[Source data — start]
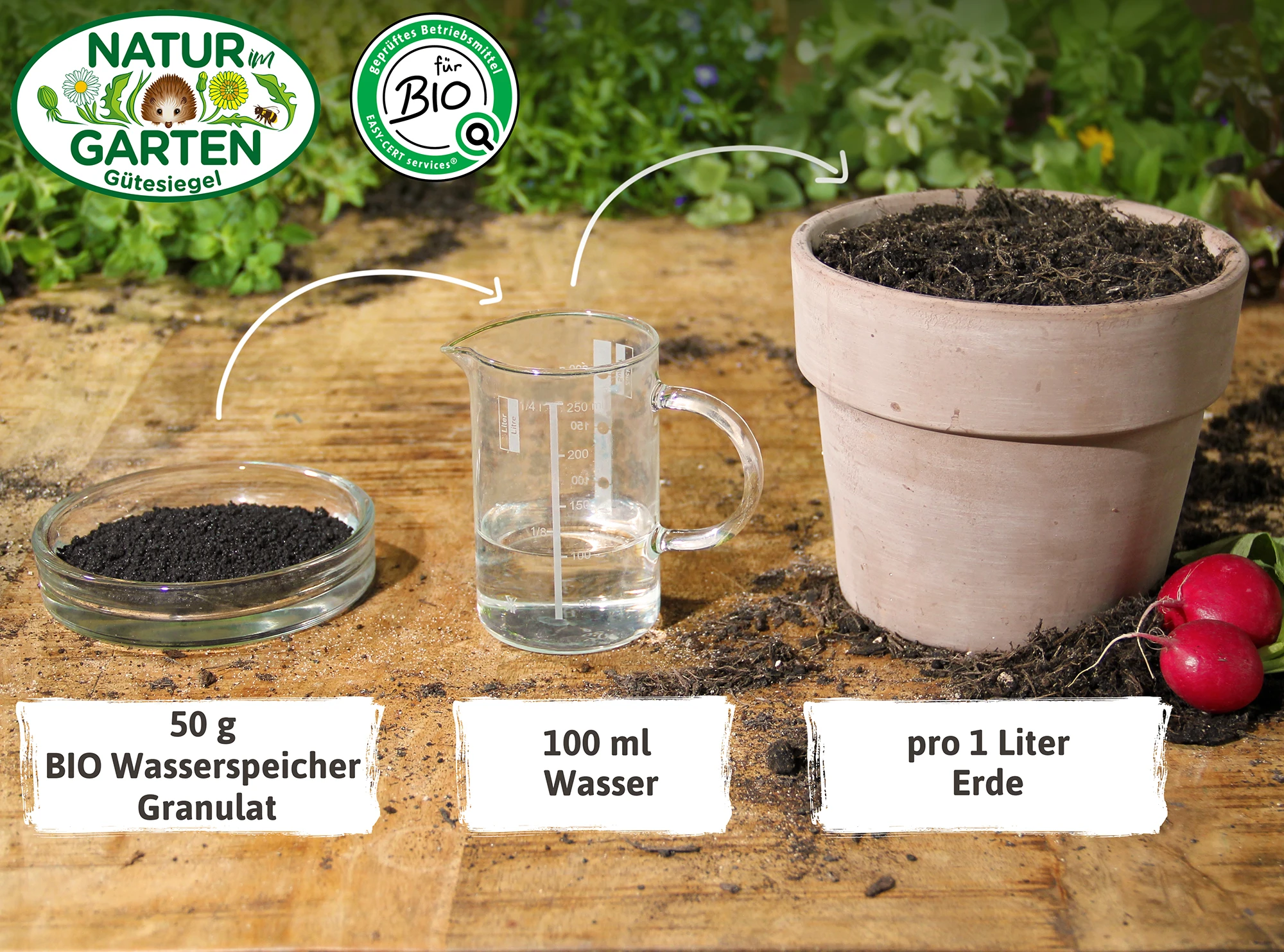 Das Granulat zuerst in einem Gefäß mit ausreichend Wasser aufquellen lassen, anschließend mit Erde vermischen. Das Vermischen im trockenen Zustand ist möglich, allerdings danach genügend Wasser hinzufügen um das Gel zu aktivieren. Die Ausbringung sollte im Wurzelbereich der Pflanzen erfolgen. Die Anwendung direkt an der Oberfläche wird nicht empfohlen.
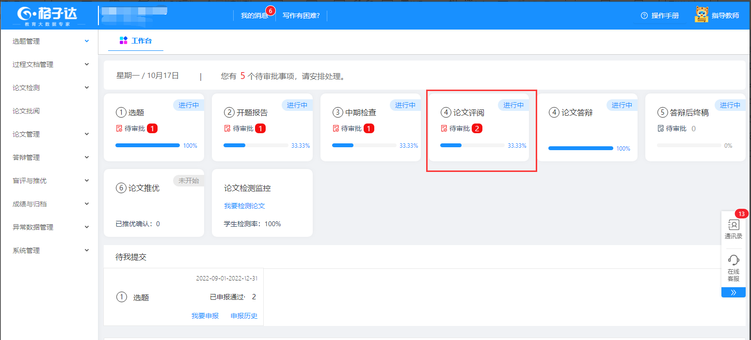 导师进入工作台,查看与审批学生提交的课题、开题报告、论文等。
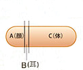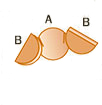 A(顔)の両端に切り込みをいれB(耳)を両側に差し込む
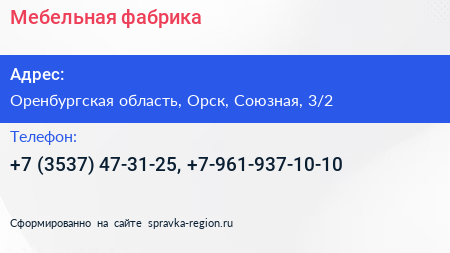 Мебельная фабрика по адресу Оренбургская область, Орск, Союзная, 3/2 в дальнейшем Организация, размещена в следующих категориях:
[Source data — finish]
A verbatim copy of the listing, with all pictures removed, is required.

**Solution for this task:**
 Das Granulat zuerst in einem Gefäß mit ausreichend Wasser aufquellen lassen, anschließend mit Erde vermischen. Das Vermischen im trockenen Zustand ist möglich, allerdings danach genügend Wasser hinzufügen um das Gel zu aktivieren. Die Ausbringung sollte im Wurzelbereich der Pflanzen erfolgen. Die Anwendung direkt an der Oberfläche wird nicht empfohlen.
 导师进入工作台,查看与审批学生提交的课题、开题报告、论文等。
 A(顔)の両端に切り込みをいれB(耳)を両側に差し込む
 Мебельная фабрика по адресу Оренбургская область, Орск, Союзная, 3/2 в дальнейшем Организация, размещена в следующих категориях:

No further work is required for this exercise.